> EXERCISE DATA

┏━━

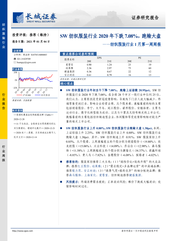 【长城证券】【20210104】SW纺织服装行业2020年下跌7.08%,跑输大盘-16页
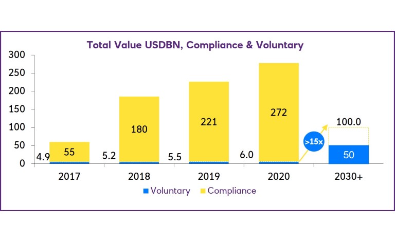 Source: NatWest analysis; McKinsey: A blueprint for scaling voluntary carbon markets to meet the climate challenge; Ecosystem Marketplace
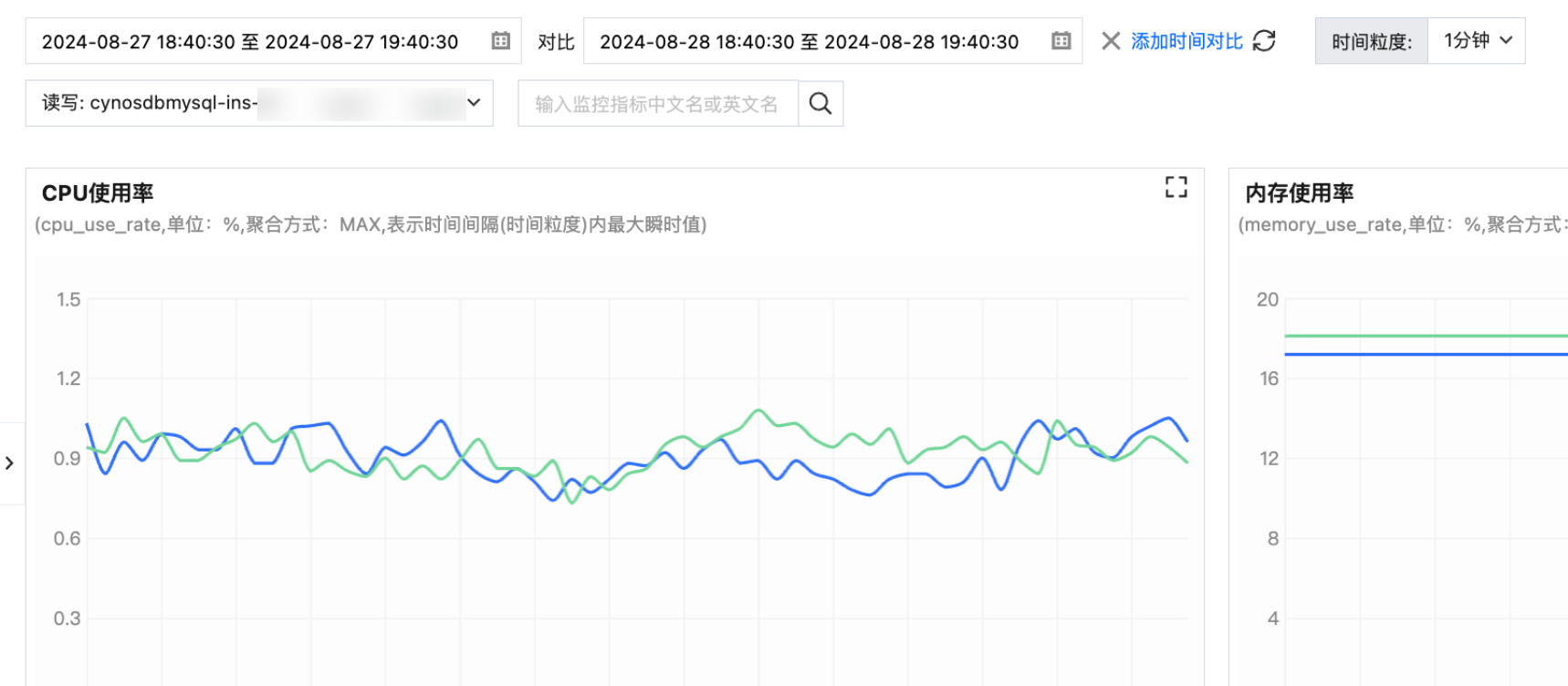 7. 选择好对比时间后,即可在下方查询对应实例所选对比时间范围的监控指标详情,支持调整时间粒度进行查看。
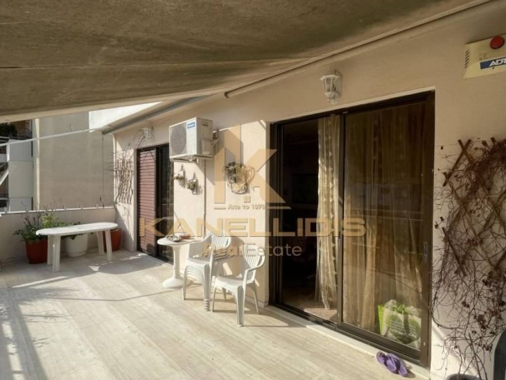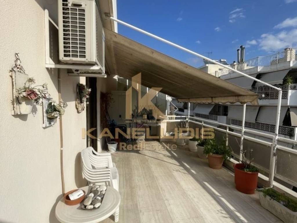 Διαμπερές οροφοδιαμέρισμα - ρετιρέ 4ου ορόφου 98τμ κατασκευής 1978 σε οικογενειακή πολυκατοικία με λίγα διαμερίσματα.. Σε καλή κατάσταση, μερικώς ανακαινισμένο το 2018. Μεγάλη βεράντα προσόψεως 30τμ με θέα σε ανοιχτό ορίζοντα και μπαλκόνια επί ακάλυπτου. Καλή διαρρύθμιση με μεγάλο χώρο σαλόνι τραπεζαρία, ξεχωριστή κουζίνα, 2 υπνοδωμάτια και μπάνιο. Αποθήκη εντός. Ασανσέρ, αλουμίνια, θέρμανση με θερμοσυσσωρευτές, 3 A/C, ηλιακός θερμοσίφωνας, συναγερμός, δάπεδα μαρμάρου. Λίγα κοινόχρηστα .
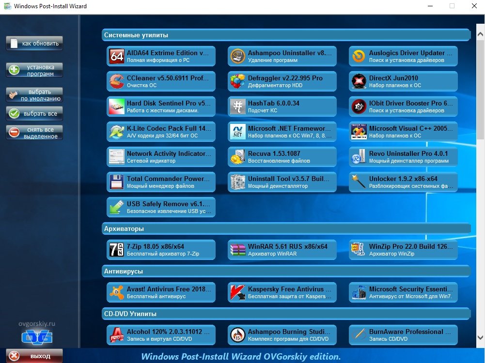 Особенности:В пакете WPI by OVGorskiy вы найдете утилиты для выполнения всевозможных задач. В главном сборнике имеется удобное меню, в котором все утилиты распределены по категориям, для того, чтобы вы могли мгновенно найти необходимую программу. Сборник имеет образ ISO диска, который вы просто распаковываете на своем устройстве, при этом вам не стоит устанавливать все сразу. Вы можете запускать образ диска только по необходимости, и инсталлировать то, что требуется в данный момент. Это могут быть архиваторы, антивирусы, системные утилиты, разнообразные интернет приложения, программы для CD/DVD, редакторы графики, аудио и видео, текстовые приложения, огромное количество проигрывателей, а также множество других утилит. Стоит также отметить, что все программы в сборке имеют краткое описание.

┗━━

> ABOUT THIS EXERCISE
Your answer must be everything above from the line with "Source: NatWest analysis;" down to the line with "7. 选择好对比时间后,即可", word for word, and no pictures.

> YOUR SOLUTION
 Source: NatWest analysis; McKinsey: A blueprint for scaling voluntary carbon markets to meet the climate challenge; Ecosystem Marketplace
 7. 选择好对比时间后,即可在下方查询对应实例所选对比时间范围的监控指标详情,支持调整时间粒度进行查看。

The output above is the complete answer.